Bit Depth and Sample Rate Explained
A digital audio file's bit depth determines its dynamic range (the difference between the softest portion and the loudest portion). 16 bits gives us 96 decibels (dB) of range. 24 bits give us 144dB. As per the aforementioned double-blind testing that's been done no human can hear that difference.
The sample rate of an audio file determines the frequency range that can be reproduced. Nyquist-Shannon sampling theorem informs us that perfect fidelity reproduction is possible with a sample rate equal to twice the maximum frequency we wish to reproduce. This means a 44.1kHz sample rate can reproduce frequencies up to 22.05kHz. Most human children can hear from about 20Hz up to about 20kHz. As we age the high end of that number narrows very quickly. Again, double-blind testing confirms all of this.
Science Prevails Over Emotion
There's a lot of science behind what we're discussing here. Nyquist's theorem has been proven by others many times over (hence the reason that many others' names are often attached to it).
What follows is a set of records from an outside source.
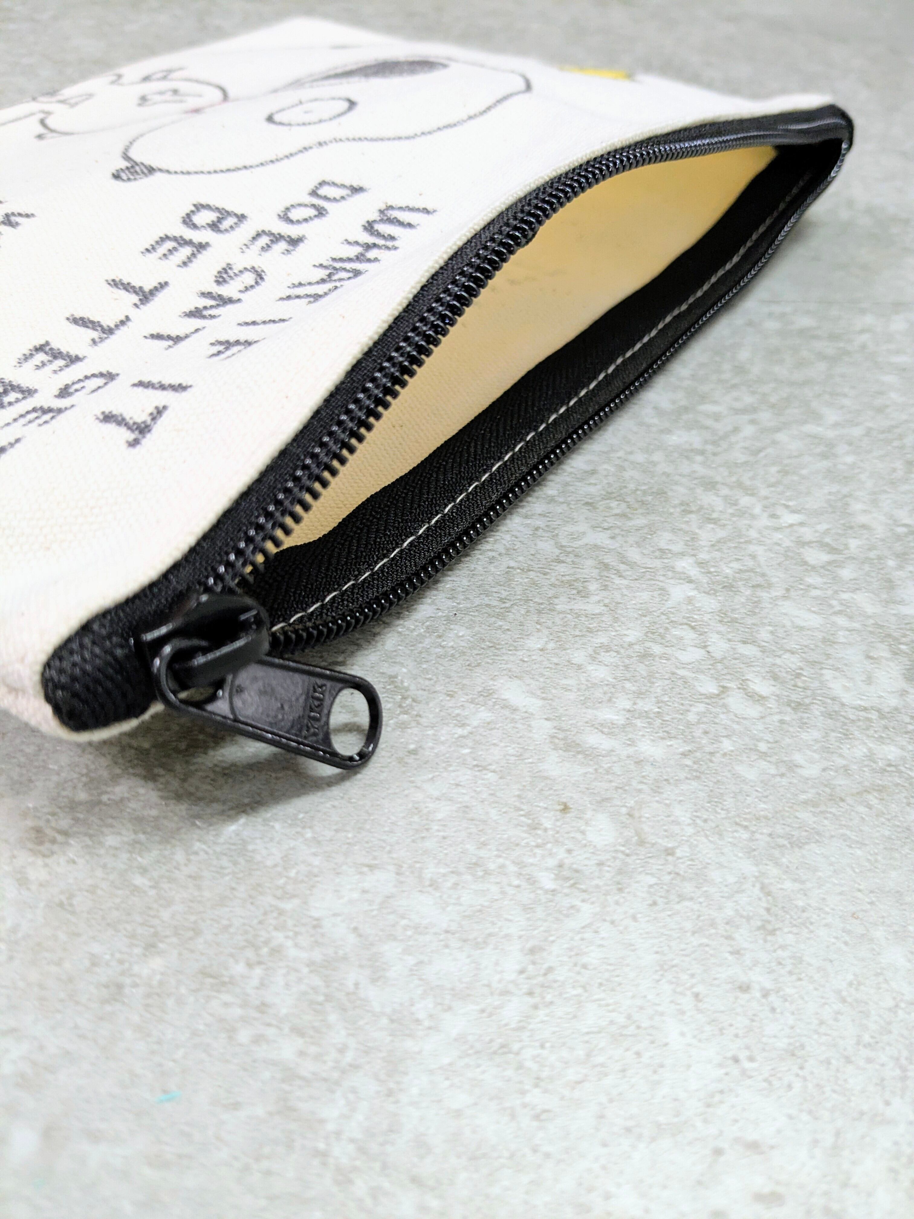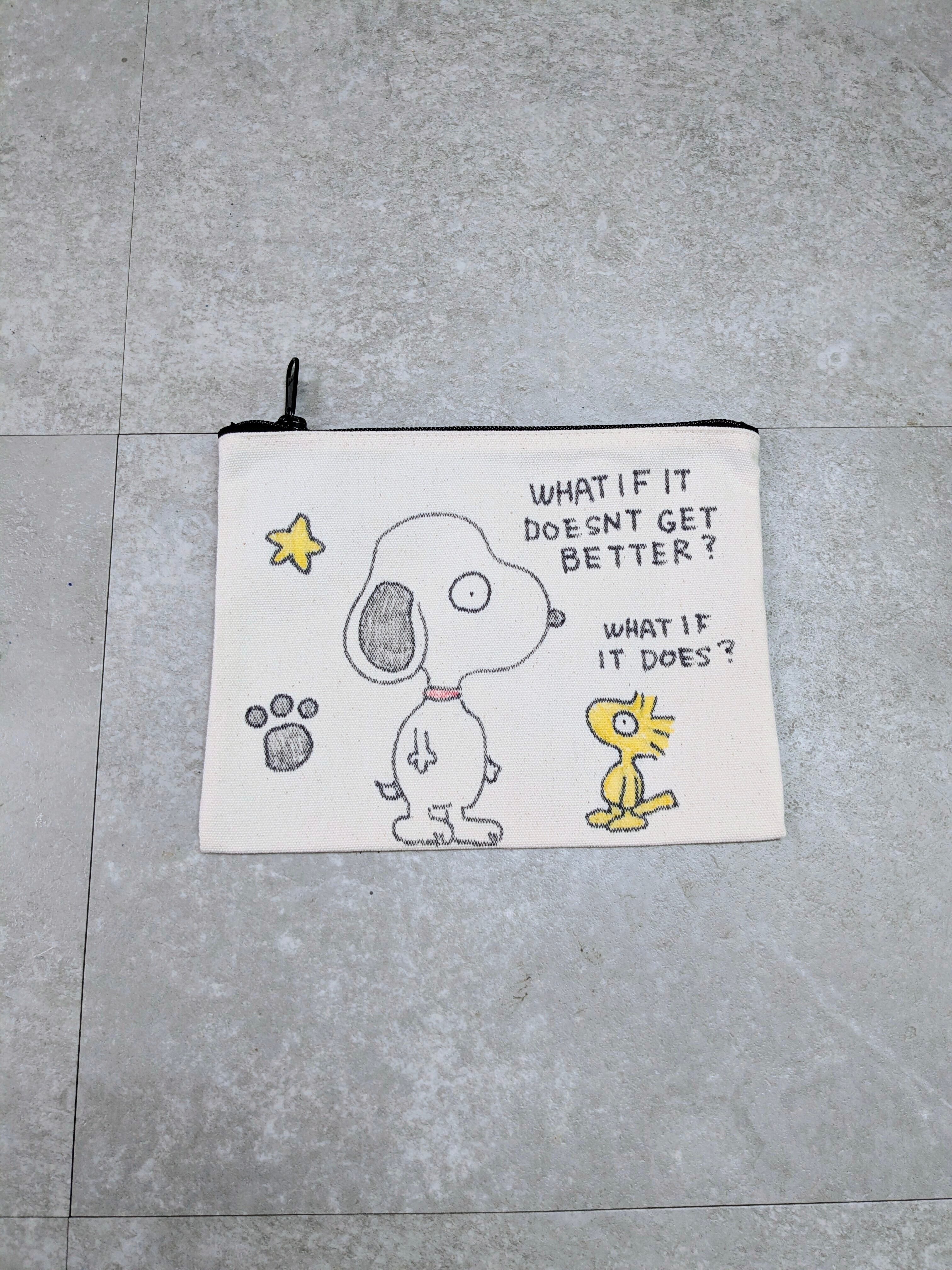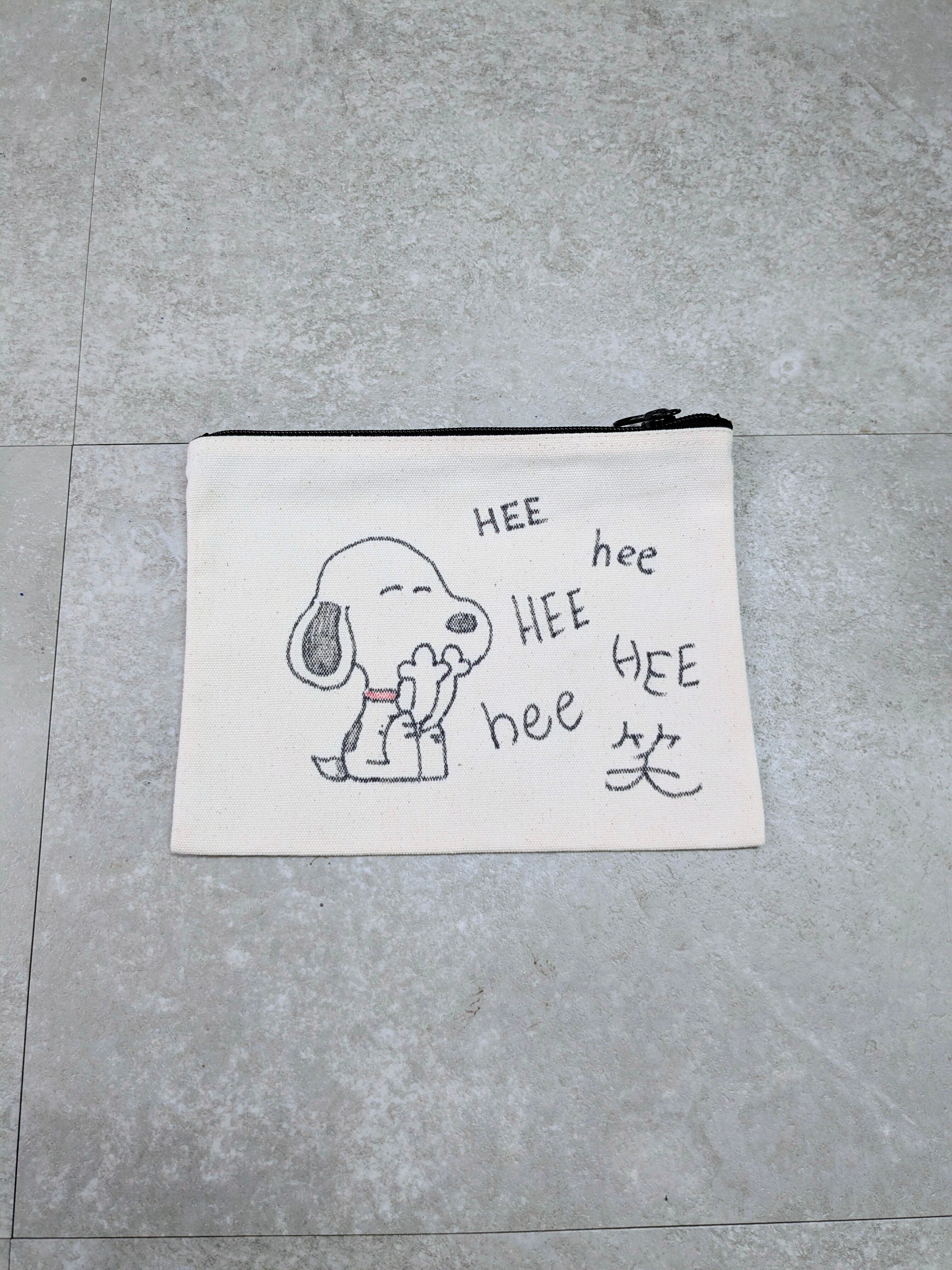 キャンバスのポーチにイラストを加えています。ジップで開閉でき、化粧品、ちょっとした小物をしまうのにちょうどいいアイテム。メモリアルの要素があり、どこか見たことあるキャラクターがいたりと、とにかく可愛いアイテム。全て手作業になるので、唯一無二の一点物となります。
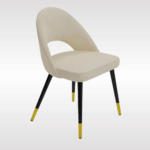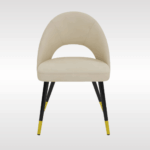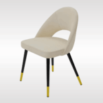 | This sleek dining table brings simple into modern. The circular top is designed to hold eight people, making sure it is extra safe for the elderly and kids. It has a pinewood pedestal base offering sturdy stability. Have a good time with your families and friends and enjoy good food. This comfortable chair is made of velvet and features angled legs. It radiates a mid-century modernist vibe, characterized by a broad curved backrest and an armless profile. |
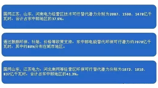 根據我國東中部能源供應與消費現狀,綜合考慮電能替代技術發展、經濟性和政策支持條件,結合相關省公司對居民采暖、工(農)業生產制造、交通、電力供應與消費、家庭電氣化5個重點領域的市場調查結論,公司經營區域東中部一線城市電能替代潛力巨大。
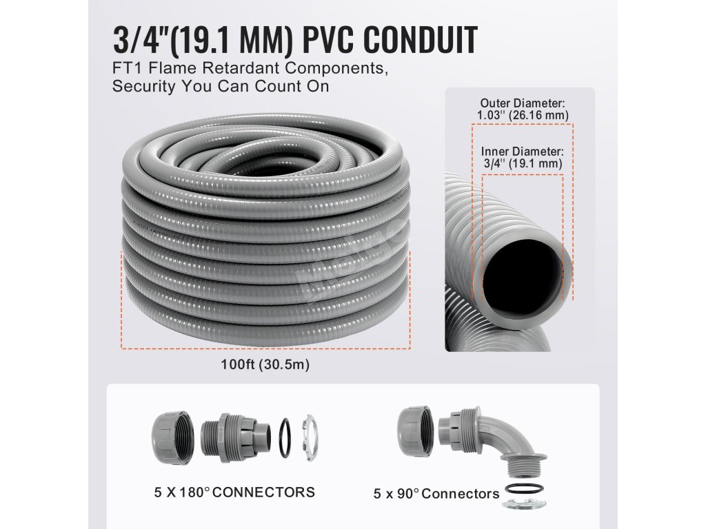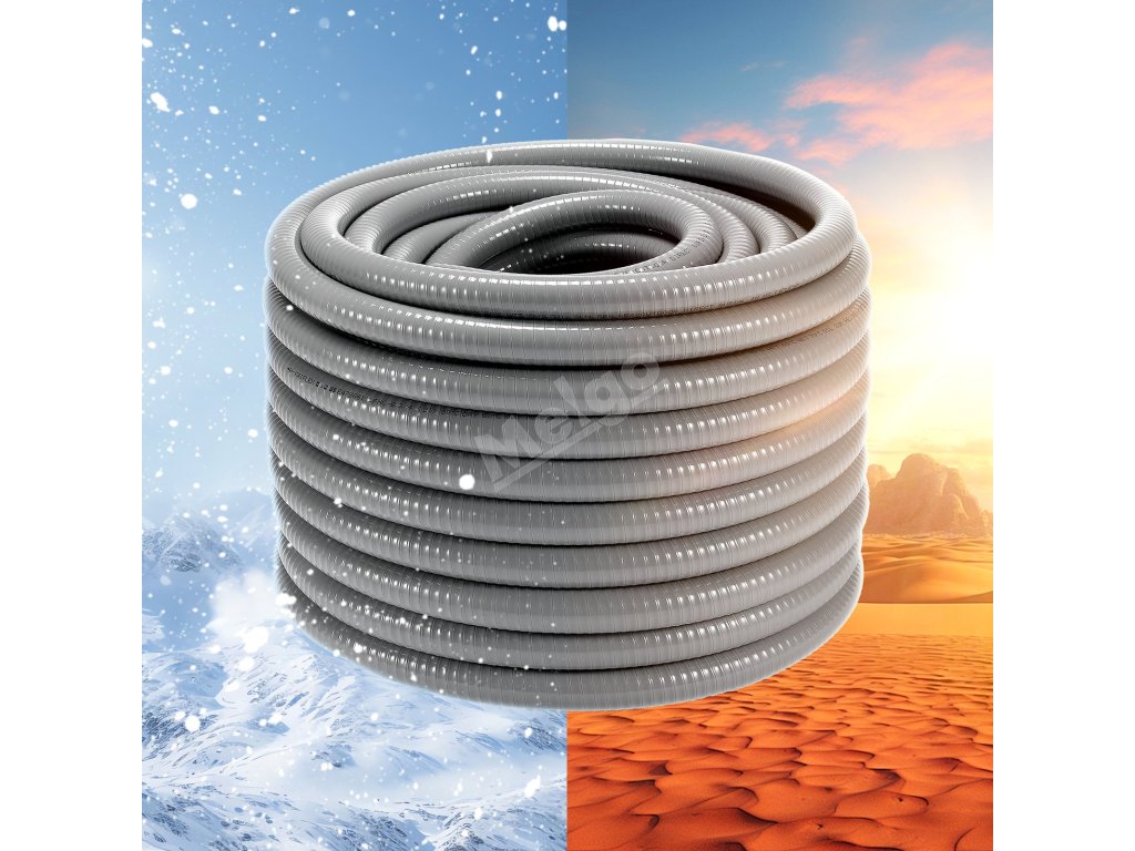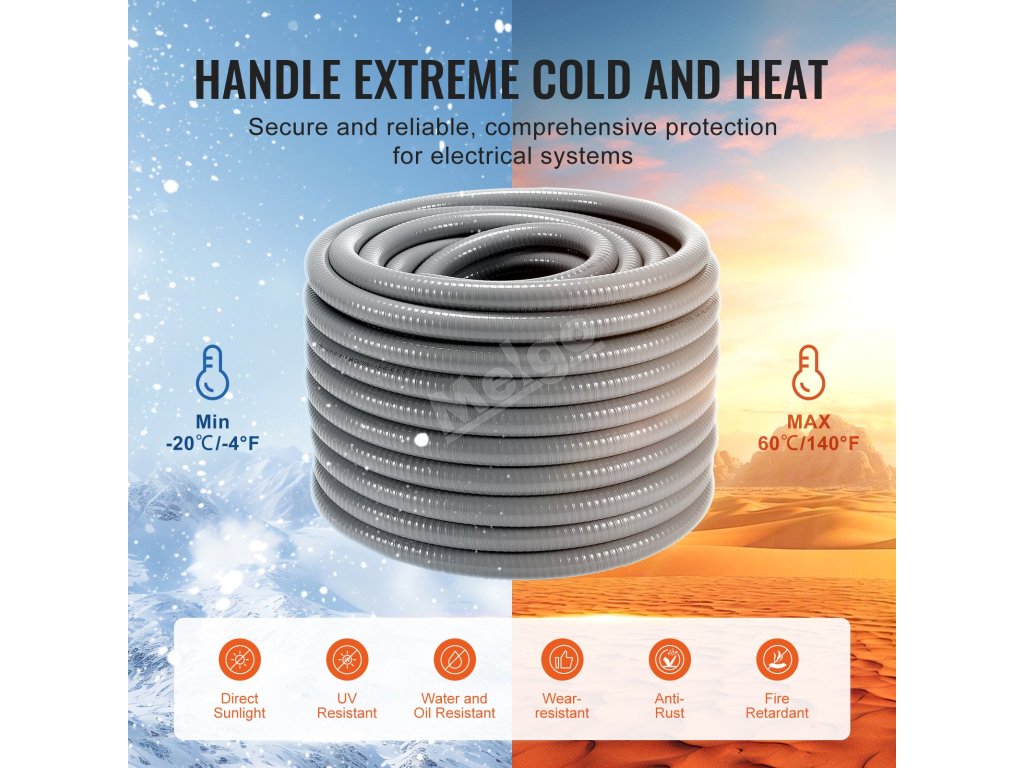 Naše flexibilní potrubí z PVC nepropustné pro kapaliny se vyznačuje výjimečnou trvanlivostí, pevností v tahu a odolností proti stlačení, takže je ideální pro drsné venkovní podmínky. Odolává přímému slunečnímu záření a lze ji zakopat pod zem, čímž poskytuje vynikající ochranu vám i vašemu elektrickému zařízení.
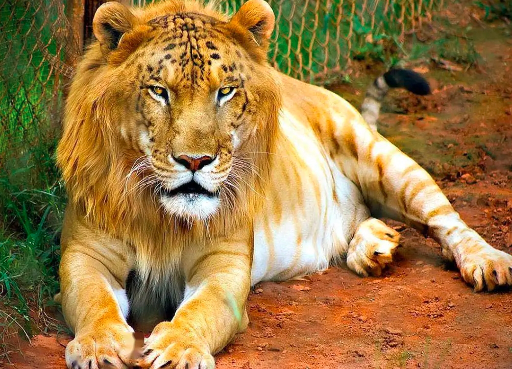 狮虎兽就是雄狮和雌虎交配之后诞下的后代,它的身上既有老虎的花纹,头上又有狮子的鬃毛。并且,狮虎兽的体型和毛色更加像狮子一些,从外表看起来还是非常怪异的。
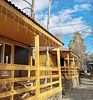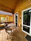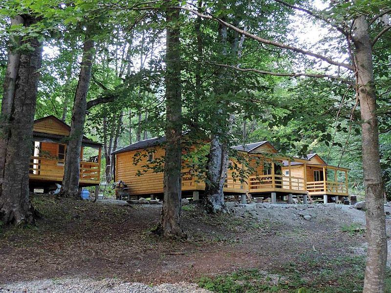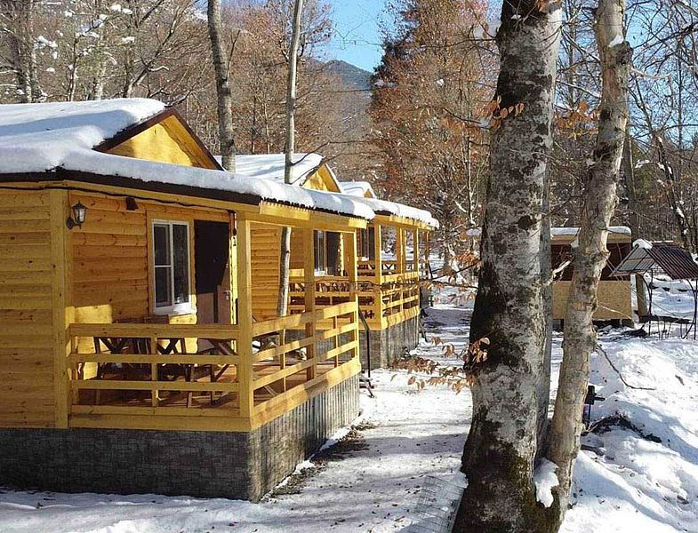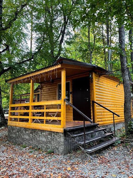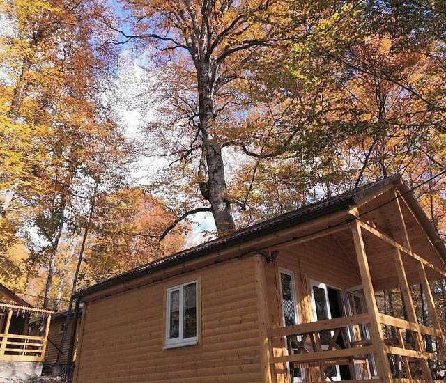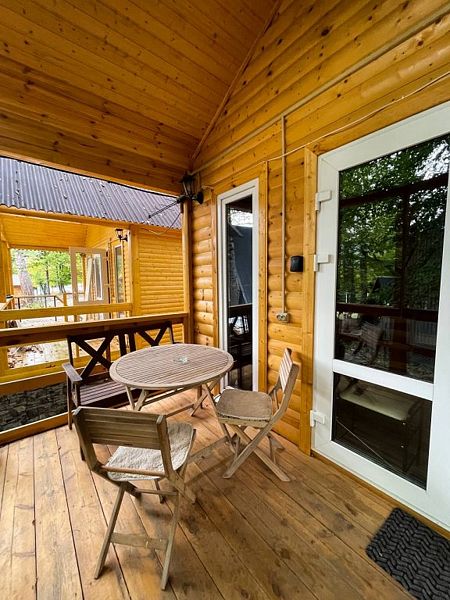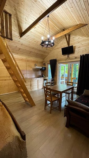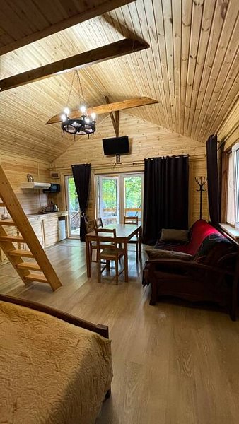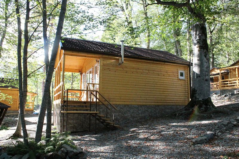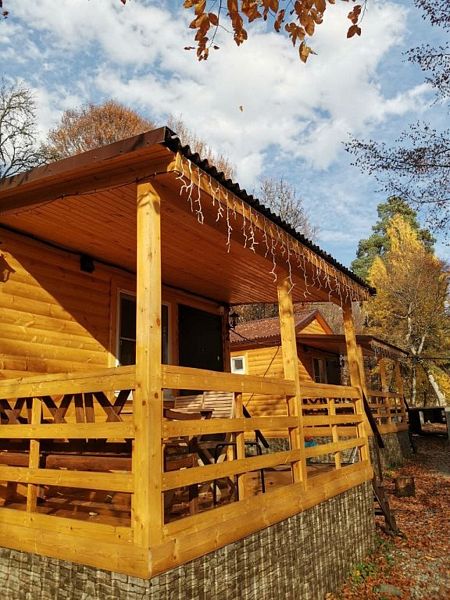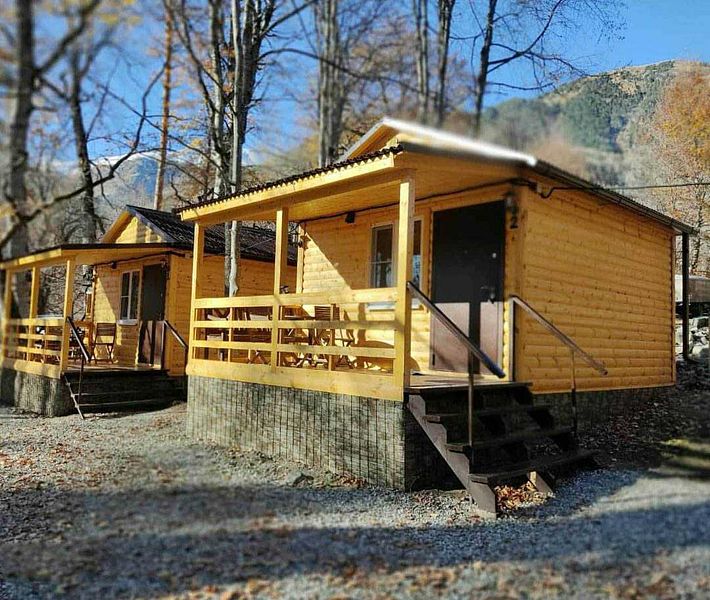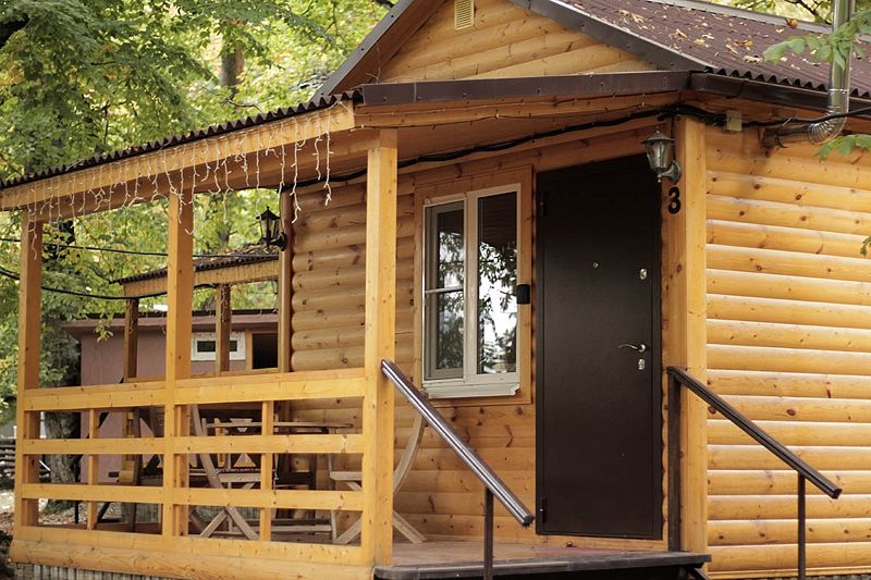 На живописной территории разместились деревянные дома различной вместимости, каждый из которых оснащён тёплыми полами, оборудованной кухней, ванной комнатой и собственной террасой, с которой можно любоваться окружающей природой, отдыхая на свежем воздухе.

If this article instills in you the need to reconfirm all of this on your own (and you'd be in the good company of this author and several recording-industry professionals if it does) the only way to do it is to utilize a tool that allows you to perform your own double-blind testing (ABXtester, available for free for both iOS and Mac, works great). Without double-blind testing you (and I!) are quite subject to confirmation bias. Our minds are not objective when we have too much information.
There's also a ton of pseudoscience here. Earlier this month at CES I had Bruce Botnick, the producer of The Doors' LA Woman, tell me that after listening to a 24-bit album he feels better than he does after listening to the same album at 16-bit. That's great for him, folks, but doesn't mean much to rest of us. Also, Bruce is busy working with Neil Young to convince us all to buy their 24-bit Pono player, and I'm sure Bruce feels better after each Pono pre-order, too.
The truth is there is the potential to store more data in a 24-bit/192kHz file than in a 16-bit/44.1kHz file. You can see it if you just compare the two – the former will be many times larger than the latter. If you were playing this to a dog, for example, that creature might well be able to tell the difference (because dogs can typically hear higher frequencies than humans, so it makes sense to use a higher sample rate for music targeted towards audiophile dogs). If you're like me and will be playing your music for humans, though, we haven't yet evolved our ears where anything above 16-bit/44.1kHz matters upon playback. That's why it was standardized for compact discs at the beginning of the digital audio era, and that's why it still works today.
Music is Emotional, and That's a Good Thing
Music isn't just a listening experience. Music is also very much an emotional experience. If you believe your speakers are better than your friend's speakers, you're going to be happier listening to music at home. There's nothing wrong with that. I might like the band Weather Report (I do); my wife might hate them (she does). It's simply personal preference and we're both right.
Similarly, if you've convinced yourself that 24-bit or 192kHz (or both) sound better you are quite likely to believe you hear a difference when listening to music in that format. There's nothing inherently wrong with doing something solely because it makes you happy to do it. Just don't confuse that for science; and please don't try to convince others with pseudoscience. That's the last thing we, as a people, need.